The client, a fast-growing AI company developing an advanced image generation and editing model, needed large volumes of structured human feedback to refine model outputs. As the model scaled, so did the need for high-quality comparison data, edit identification workflows, and multi-rater preference judgments.
The work required nuanced human evaluation and more than simple object labeling. Annotators needed to compare image outputs, identify meaningful visual differences, and provide structured feedback to improve model training. The client also required rapid turnaround cycles, high throughput, and consistent high quality standards – all without over-constraining subjective human judgment.
Existing internal workflows could not support the required scale or speed. The client needed a partner capable of rapidly deploying structured human-in-the-loop operations while maintaining data clarity and IP integrity.

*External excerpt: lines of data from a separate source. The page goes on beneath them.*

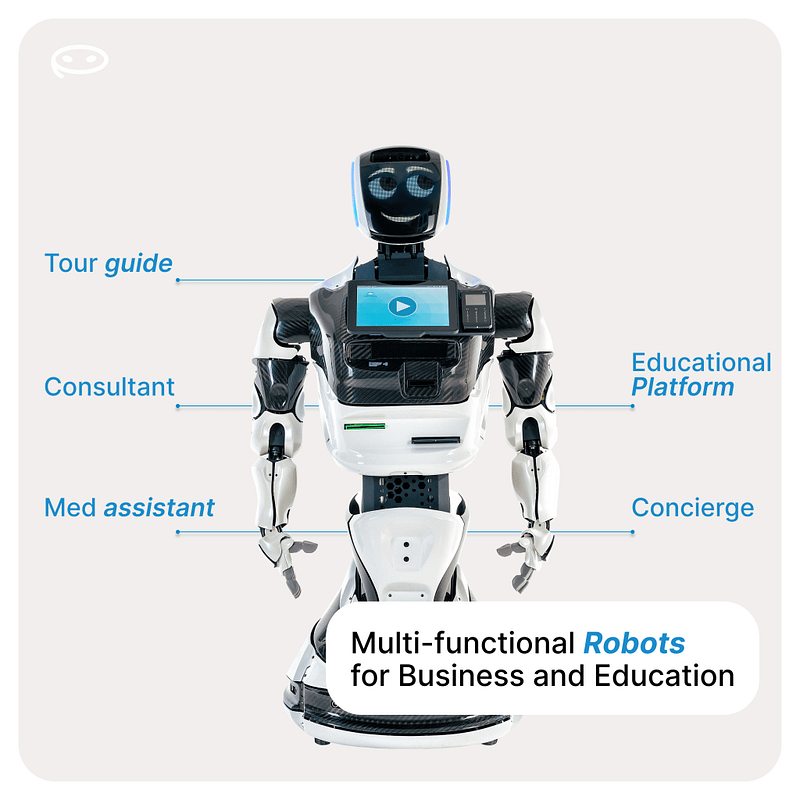 Promobot is a customizable humanoid robot that’s capable of working in a range of service-oriented roles. Equipped with facial recognition and chat functions, Promobot can issue keycards, scan and auto-fill documents, and print guest passes and receipts.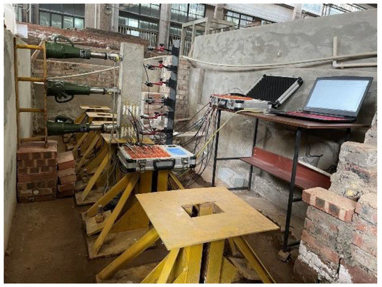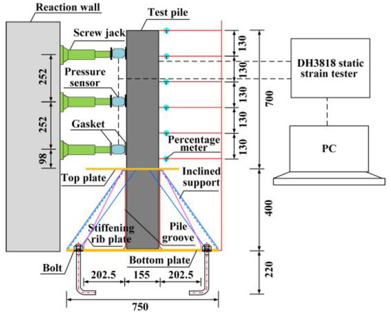 The thrust loading system was mainly composed of reaction wall, screw jack, and pressure sensor. The basic principle is that the trapezoidal load is applied by three jacks and reacting on the reaction wall and transferred to the test pile through the pressure sensor, as shown in Figure 5. The jacks were all screw jacks with a maximum lifting capacity of 10 t produced by Shanghai Baoshan Hugong Group, and were arranged at 9.8 cm, 35 cm, and 60.2 cm of the loaded section, as illustrated in Figure 7. The pressure sensor only played the role of load transfer in the thrust loading system, and its parameters are introduced in the following data acquisition system.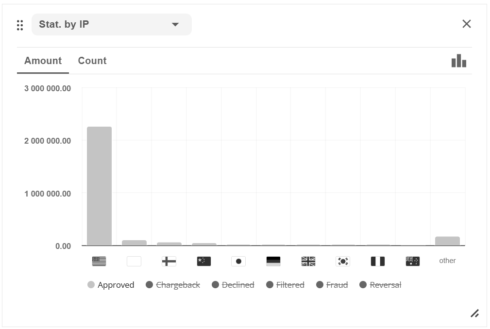 button: the ratio by volume of transactions or by amount of payments, as well as by type of transactions (sale, capture, transfer, etc). ChamPay Payment Gateway also displays statistics on negative activity and earnings.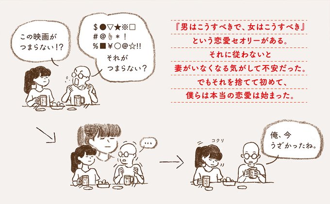 『男はこうすべきで、女はこうすべき』という恋愛セオリーがある。それに従わないと妻がいなくなる気がして不安だった。でもそれを捨てて初めて、僕らの本当の恋愛は始まった。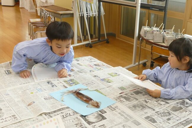 題材は「するめいか」。触って吸盤の感触を楽しんだり、匂いを嗅いだりと初めて触る子ども達ががほとんどでした。割りばしに墨汁を付けて描く事には、とても慎重に真剣に取り組んでいました。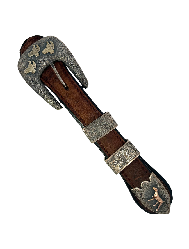 Clint Orms Sterling Silver & 10K Gold Quail & Pointer Belt Buckle Set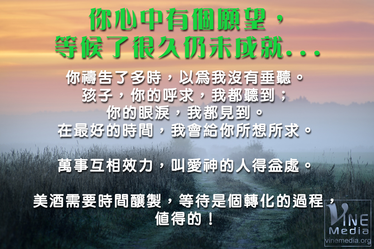 祢把我的眼淚都裝在祢的皮袋裡,就連我的頭髮,祢也數算過,祢就是如此的無微不至地來愛我,並小心的呵護著我。如果我所盼望的還未臨到,願祢起來,幫助我,叫我的信不至於失去盼望;幫助我,使我能勝過一切的軟弱與試探,在一切的軟弱與試探上,祢必為我開出路,叫我得以忍受得住,並得著那生命的冠冕!謝謝主!奉主耶穌基督的名,阿們!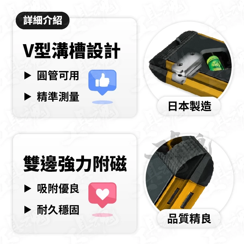 ‧ 帶有垂直、45°氣泡管,可水平測量、垂直測量、45°測量(※120mm無45°氣泡管)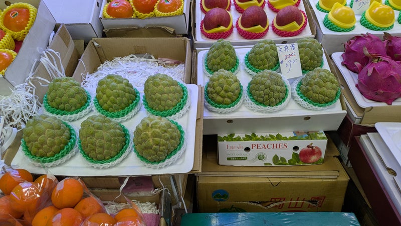 これは釋迦頭「シャカトウ」と呼ばれる台湾名産のフルーツで、お釈迦様の頭を思わせるデコボコが表面を覆っている果物です。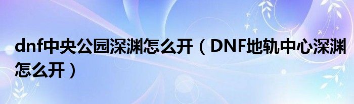 大家好,小育來(lái)為大家講解下。dnf中央公園深淵怎么開,DNF地軌中心深淵怎么開很多人還不知道,現(xiàn)在讓我們一起來(lái)看看吧!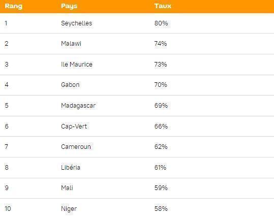 Ce tableau présente le Top-10 des pays africains qui affichent le plus haut taux de sensibilisation: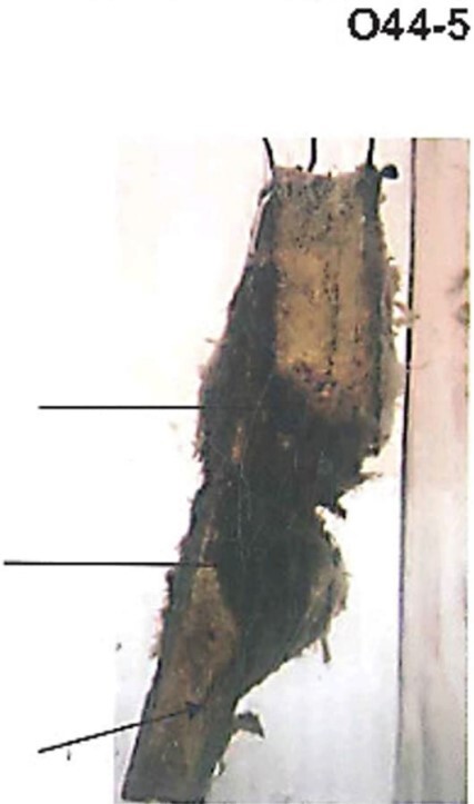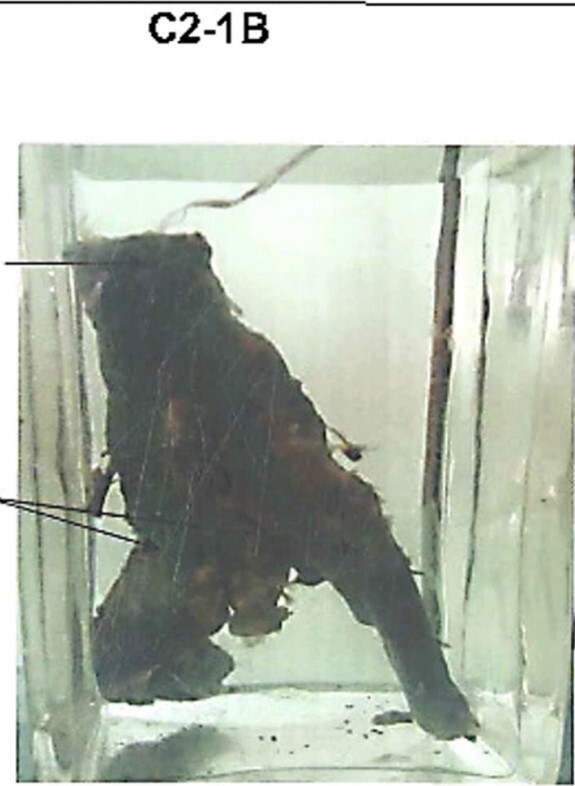 Wall is perforated near the tip with yellowish exudates deposited on the outer surface.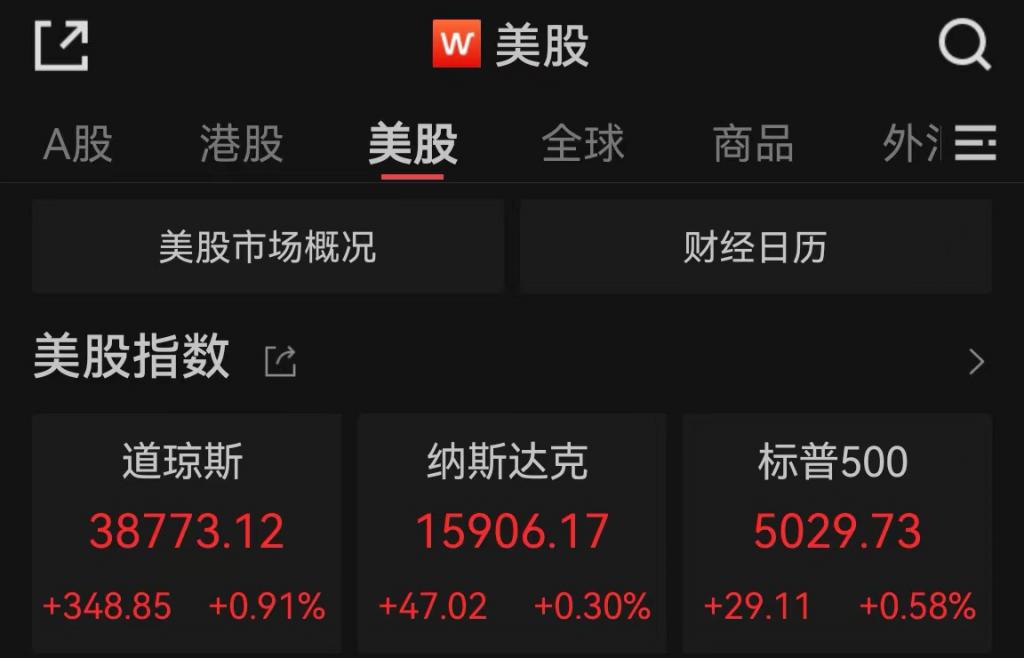 截至收盘,道指涨 0.91% 报 38773.12 点,纳指涨 0.30% 报 15906.17 点,标普 500 指数涨 0.58% 报 5029.73 点。标普 500 指数收盘再创历史新高。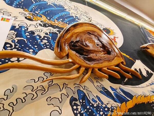 牆面還有浮世繪,這橫剖的木頭看起來頗像舞動的水母。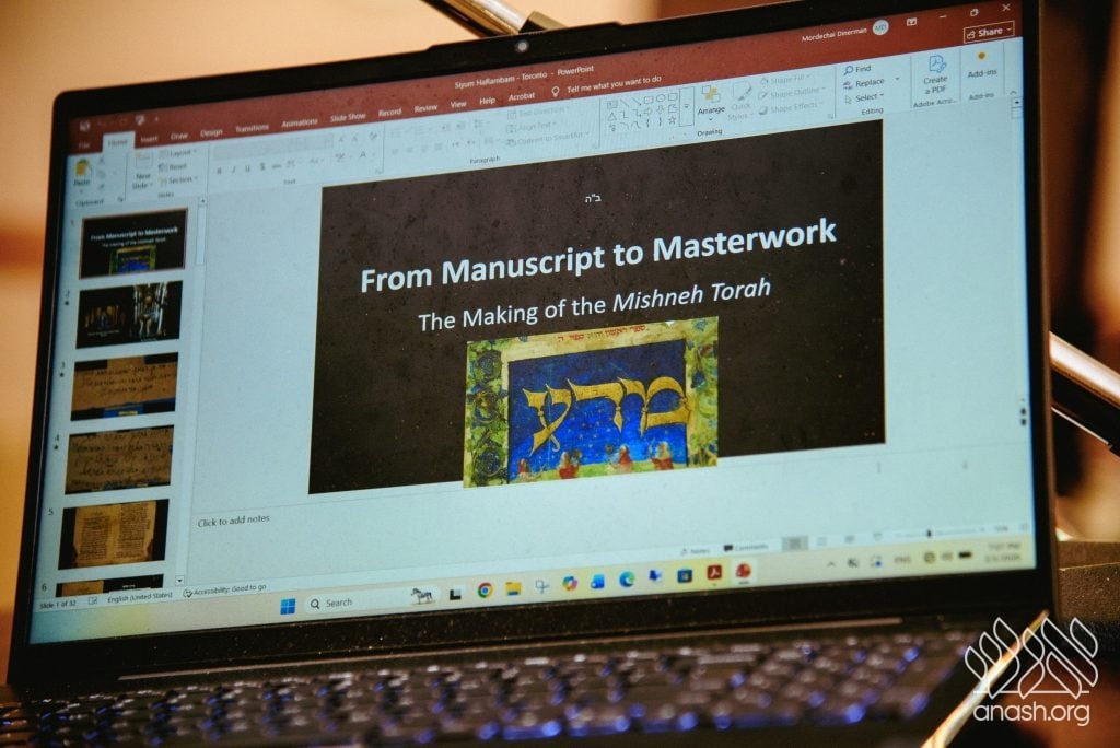 Anash of Toronto gathered at 770 Chabad Gate for a beautiful Siyum HaRambam, with JLI’s Rabbi Mordechai Dinerman who led a fascinating visuals presentation on the Rambam’s manuscripts and how the Rambam continually revised his work.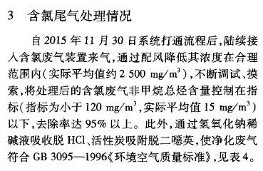 国内首套处理含氯有机废气的蓄热燃烧反应器完成安装调试后,应用于中国石化“碧水蓝天”项目之一的有机废气处理项目上,成功实现了对油田表面活性剂、氯化苯、硝基氯苯等生产装置的精馏真空系统、储罐及原氯化苯废气吸收吸附系统产生的含氯废气进行集中治理,使排放气中苯、氯苯、非甲烷总烃、HC1、二嗯英等含量均符合有关排放标准,最终实现了达标排放。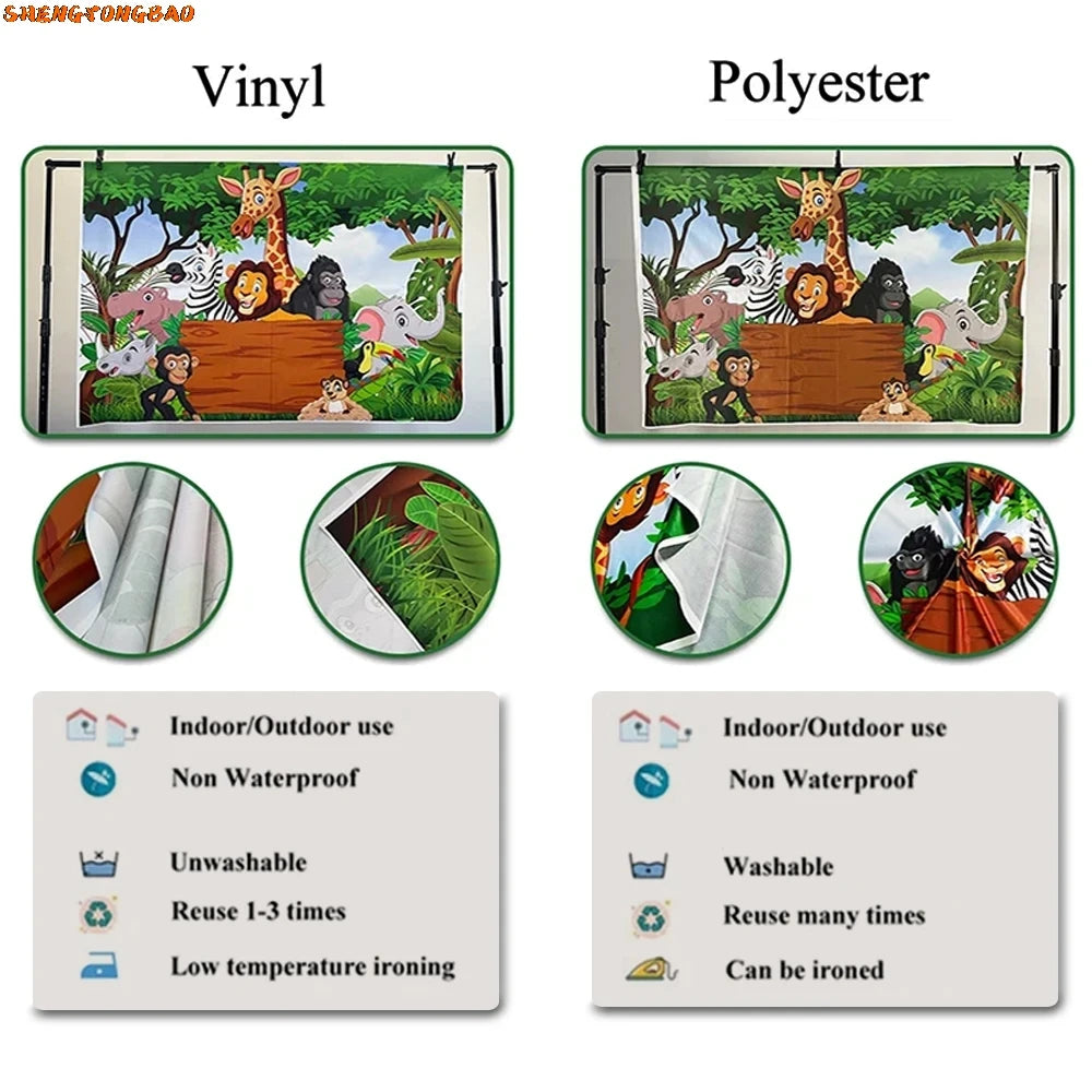 2.Polyester (the Default material in the Product Description is Thin Vinyl/Thin Cloth,if you want buy Polyester Material Background ,Please contact us ,we will do it for you also)
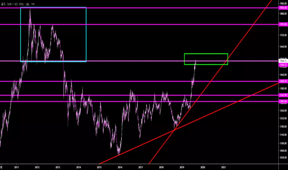 만약 이번 주에 금이 1550 위로 마감을 할 경우에는 왼쪽에 보이는 2011년도의 상승 수준까지 따라갈 수도 있습니다.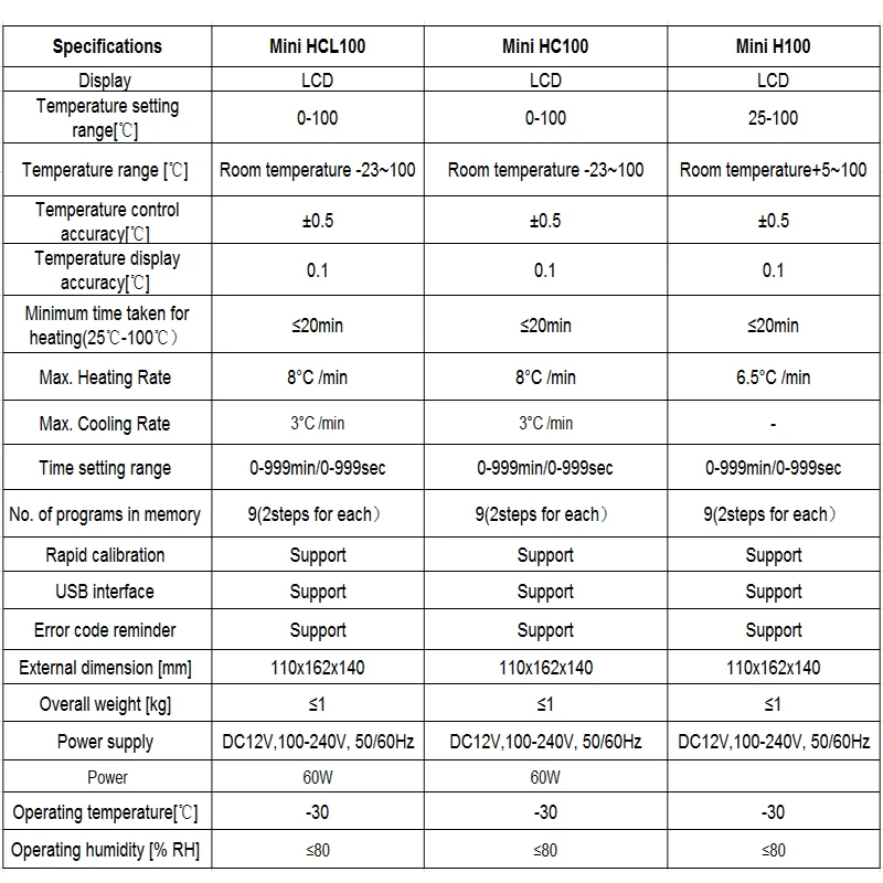 Особенности: • Весовой светильник• ЖК-дисплей температуры и времени.• Поддержка быстрой калибровки• Защита от перегрева.• Дополнительные блоки с различной емкостьюДоступно.• Безопасный и стабильный.• Usb-интерфейс для сохранения данных• Мини HCL100 с горячей крышкойСохраните генерируемое тепло.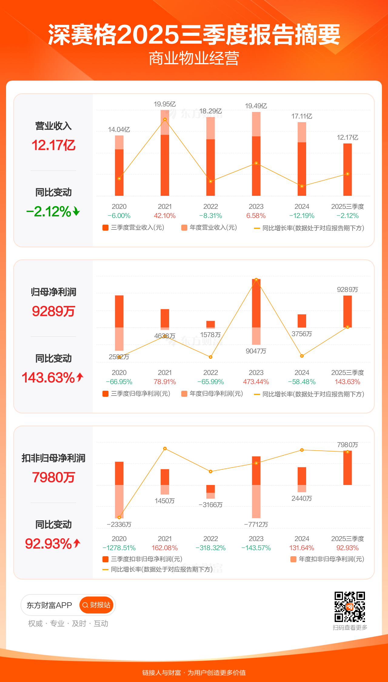 深赛格10月30日发布2025年三季报显示,公司前三季实现营业收入12.17亿元,同比下滑2.12%;归母净利润9288.65万元,同比增长143.63%;扣非归母净利润7980.28万元,同比增长92.93%。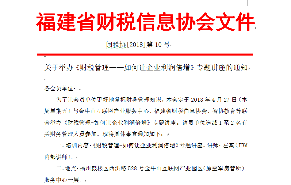 為了讓會員單位更好地掌握財務管理知識,本會定于2018年4月27日(本周星期五)與金牛山互聯(lián)網(wǎng)產(chǎn)業(yè)服務中心、福建省財稅信息協(xié)會、智協(xié)教育等聯(lián)合舉辦《財稅管理-如何讓企業(yè)利潤倍增》專題講座。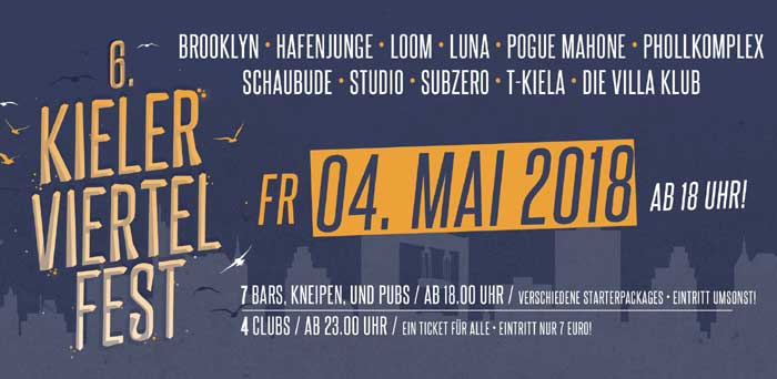 30515880_158514218162933_54(CIS-intern) – BROOKLYN, HAFENJUNGE, LOOM, LUNA, POGUE MAHONE, PHOLLKOMPLE X, SCHAUBUDE, STUDIO, SUBZERO, T-KIELA und DIE VILLA KLUB laden ein zum 6. KIELER-VIERTEL-FEST am Freitag, 04. Mai 2018 – ab 18 Uhr! 7 Bars, Kneipen, und Pubs ab 18.00 UhrVerschiedene Starterpackages bis 23.00 Uhr – Eintritt umsonst!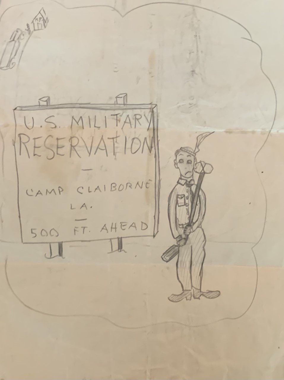 This hand-drawn representation of a U.S. Military Reservation at Camp Claiborne, LA sign shows how a soldier or worker at Camp Claiborne, or a soldier or worker's family drawing the sign.Context

“iMerit helped us scale human-in-the-loop evaluation for our
image generation models.”- Principal ML Engineer
To support the client’s rapidly evolving image generation model, we built a scalable human-in-the-loop program designed for speed, flexibility, and quality at volume. Rather than treating each workflow as a standalone effort, we implemented a structured operating model that could support multiple concurrent projects while adapting to shifting requirements.
We rapidly mobilized specialist image reviewers and design talent to power evaluation, annotation, and high-volume data generation. Work was executed in sprint-based cycles, allowing us to iterate quickly while maintaining throughput targets. As requirements evolved, we configured and refined workflows in Ango to support hundreds of thousands of tasks across diverse task types, enabling seamless task distribution, tracking, and quality oversight.
To ensure consistency at scale, we embedded calibration and QC loops across the program, supporting multi-rater preference modeling while allowing for appropriate subjectivity in evaluation tasks. Governance mechanisms were refined over time to balance speed with defensible quality standards.
The result was an agile, repeatable delivery framework capable of scaling rapidly, integrating with the client’s internal tooling where needed, and sustaining high-volume execution across complex and evolving model training initiatives.